Bukan Bidadari Biasa

267 16 6
                                    

Dua puluh menit itu bukanlah waktu yang sedikit, Alano merasa sial sekali. Berkali-kali ia perhatikan androidnya, berkali-kali pula diperhatikan arlojinya, namun Natalie belum tiba juga. Tak biasanya wanita itu datang terlambat, nyaris membuat Alano berdecak kesal.

"Maaf sayang, aku telat." Suara Natalie terdengar ngos-ngosan dan mengeluarkan keringat di jidatnya. Hal ini membuat Natalie terlihat sexy di mata Alano, sontak ia mengecup kening Natalie sepertinya rasa kesal yang dipendamnya terobati setelah melihat kekasihnya di depan mata.

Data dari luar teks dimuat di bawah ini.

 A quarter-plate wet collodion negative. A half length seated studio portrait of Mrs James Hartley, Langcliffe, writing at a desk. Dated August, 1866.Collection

"Kan sudah aku tawari untuk menjemputmu, Sayang. Kau menolaknya." Suara Alano memancar lembut, tidak terdengar kesal sama sekali. Ia mulai membelai rambut kekasihnya itu dan mengambilkan tisue lalu meminta Natalie untuk mengelap keringat yang sudah membulir di jidatnya.

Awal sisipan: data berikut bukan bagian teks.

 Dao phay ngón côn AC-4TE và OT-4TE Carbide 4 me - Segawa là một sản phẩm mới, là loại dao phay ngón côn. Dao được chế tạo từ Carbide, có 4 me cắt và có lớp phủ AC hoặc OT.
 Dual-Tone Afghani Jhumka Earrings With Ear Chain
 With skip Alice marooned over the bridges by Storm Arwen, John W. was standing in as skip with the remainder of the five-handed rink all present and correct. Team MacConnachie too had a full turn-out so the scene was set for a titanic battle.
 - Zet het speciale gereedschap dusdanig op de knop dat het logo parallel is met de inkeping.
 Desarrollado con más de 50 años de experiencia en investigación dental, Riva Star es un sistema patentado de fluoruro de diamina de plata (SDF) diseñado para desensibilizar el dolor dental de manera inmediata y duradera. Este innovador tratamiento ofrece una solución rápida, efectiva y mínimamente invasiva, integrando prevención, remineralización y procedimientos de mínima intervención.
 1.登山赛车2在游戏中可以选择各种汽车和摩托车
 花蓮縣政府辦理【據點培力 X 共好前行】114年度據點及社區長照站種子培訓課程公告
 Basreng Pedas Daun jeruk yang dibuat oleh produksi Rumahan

"Aku harus bimbingan, Sayang. Padahal tadi dosenku berjanji akan datang pukul 14.00 WIB, namun beliau tak kunjung tiba. Aku terpaksa menunggu." Kekecewaan yang begitu membatin, Natalie terlihat sedang tidak baik-baik saja. Wajahnya tidak seceria biasanya, mulutnya pun tak banyak berbicara, tak lagi cerewet.

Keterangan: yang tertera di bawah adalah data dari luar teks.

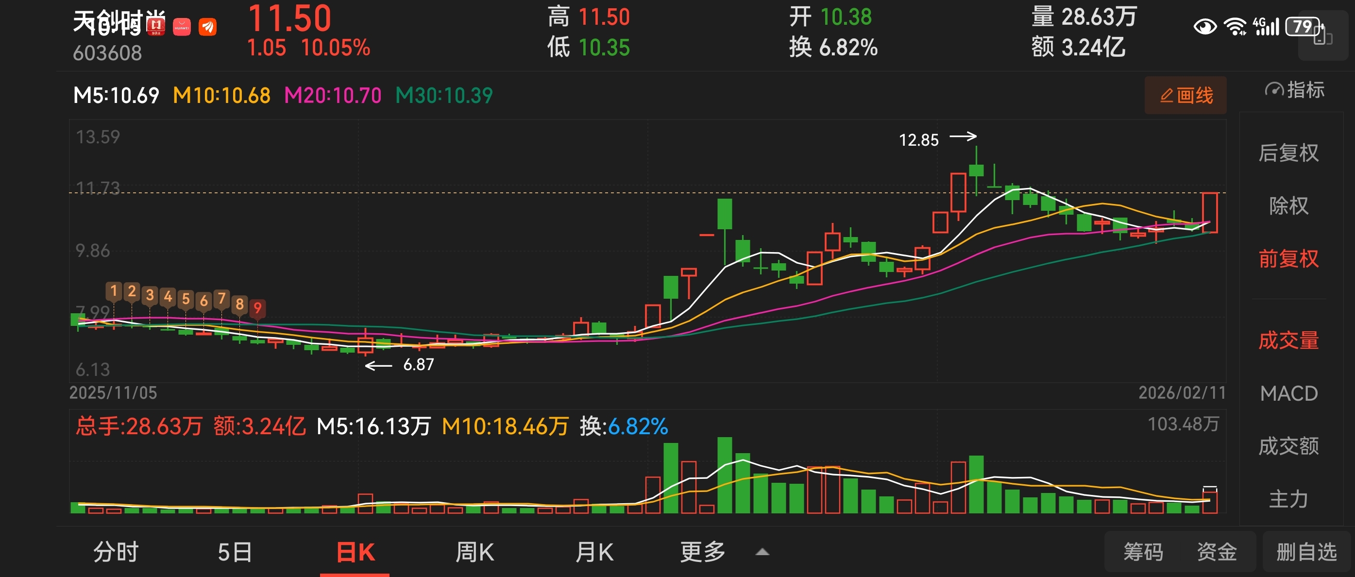 $天创时尚(SH603608)$ 2.6号分享的天创时尚涨停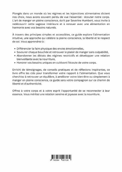 Plongés dans un monde où les régimes et les injonctions alimentaires dictent nos choix, nous avons souvent perdu de vue l'essentiel : écouter notre corps. L'art de manger en pleine conscience, écrit par Severine Humbert, vous invite à redécouvrir cette sagesse intérieure et à renouer avec une alimentation en harmonie avec vos besoins naturels.À travers des principes simples et accessibles, ce guide explore l'alimentation intuitive, une approche qui célèbre la pleine conscience, la liberté et le respect de soi. Vous apprendrez à :Différencier la faim physique des envies émotionnelles,Savourer chaque bouchée et retrouver le plaisir de manger sans culpabilité,Abandonner les diktats des régimes restrictifs et développer une relation bienveillante avec la nourriture,Honorer vos besoins uniques en cultivant l'écoute de votre corps.Enrichi de témoignages, de conseils pratiques et de réflexions inspirantes, ce livre offre les clés pour transformer votre rapport à l'alimentation. Que vouscherchiez à retrouver un équilibre, à améliorer votre bien-être ou simplement à manger en pleine conscience, ce guide sera votre compagnon sur ce chemin de liberté et d'authenticité.Offrez à votre corps et à votre esprit l'opportunité de se reconnecter à leur essence. Vous méritez une relation sereine et joyeuse avec la nourriture.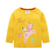 Tee shirt jaune licorne manches longues pour enfant et bébé.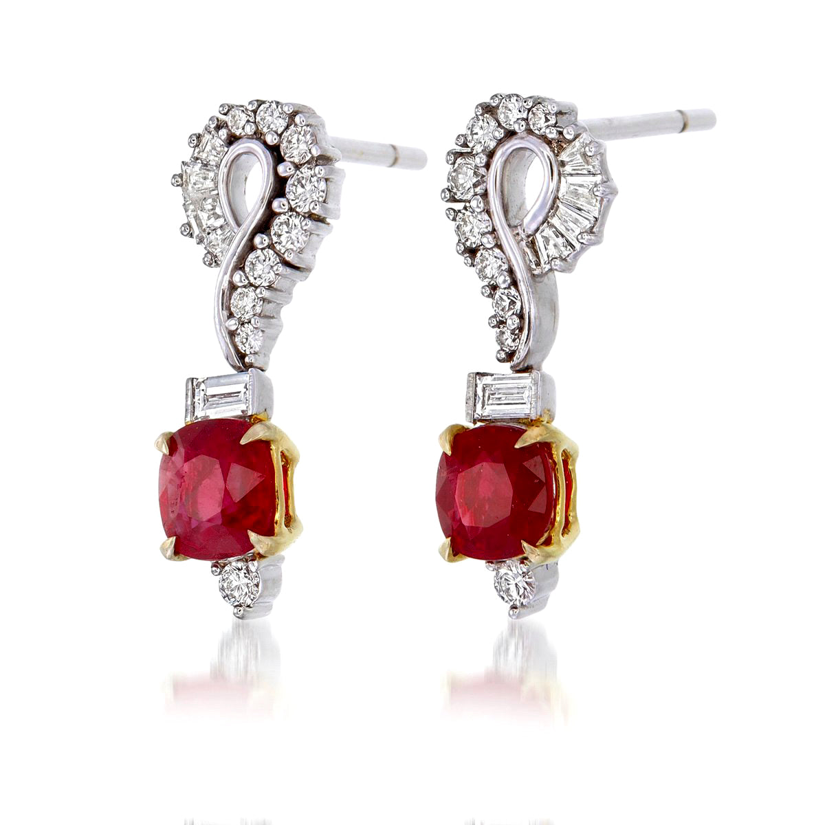 - อัญมณีพม่าเหล่านี้ได้รับการรับรองจาก GemResearch Swisslab (GRS) ว่าเป็นอัญมณีสี "เลือดนกพิราบ" อันเป็นที่ปรารถนา โดยมีความลึกและความแวววาวที่น่าทึ่ง
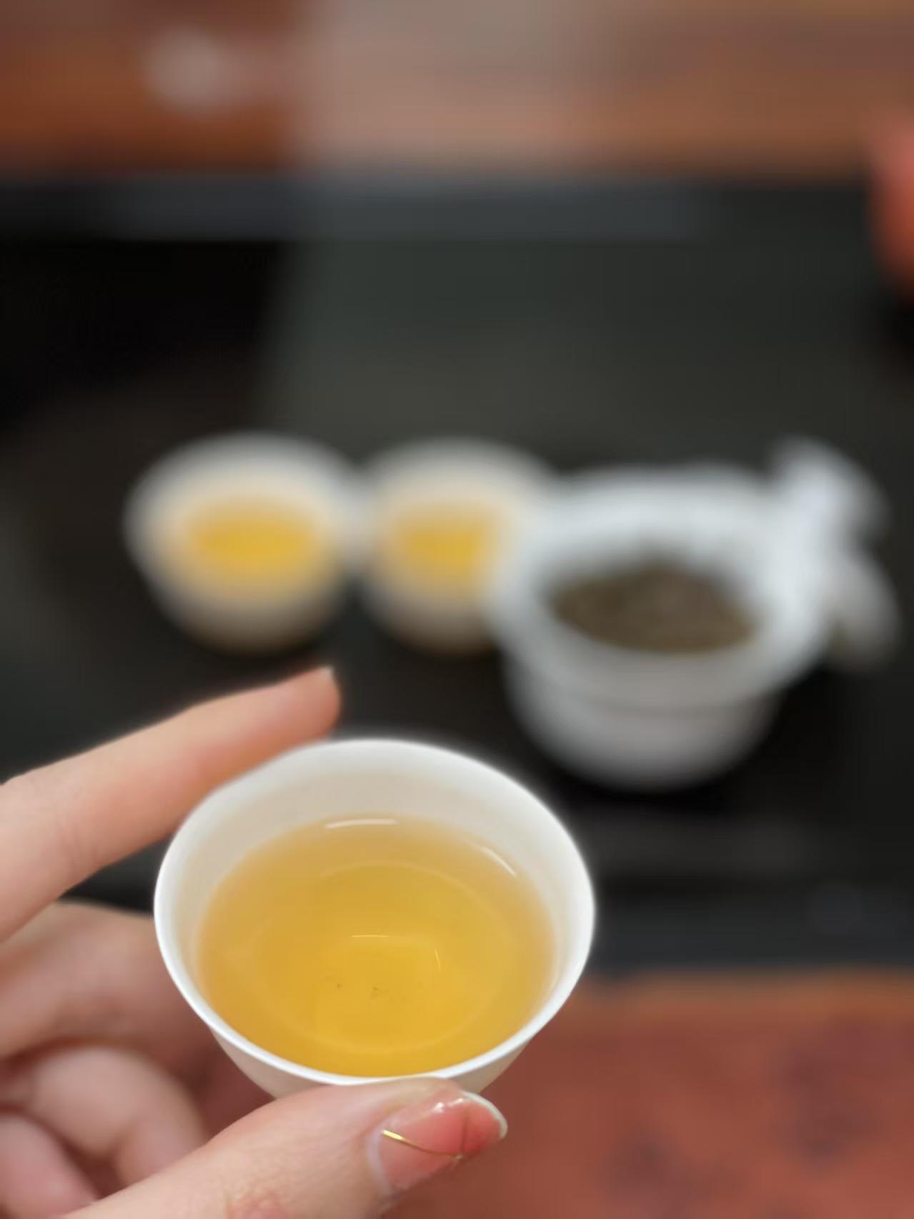 第1泡:茶汤浅金透亮,入口清冽如山泉,舌面泛起冰糖凉意

Alano, mulai menghibur kekasihnya. Ia mulai mengabaikan ratusan pengunjung di Cafe itu. Berkali-kali ia kecup kening Natalie, pun ia elus rambut Natalie, hampir saja Alano ingin mengacak-acak rambut Natalie dengan manja. Tidak ada pengunjung yang protes, Alano terus melanjutkan aksinya. Ia mencium tangan kekasihnya itu dan mengisyaratkan bahwa ia meminta kekasihnya jangan bersedih lagi, ia ingin Natalie seceria biasanya.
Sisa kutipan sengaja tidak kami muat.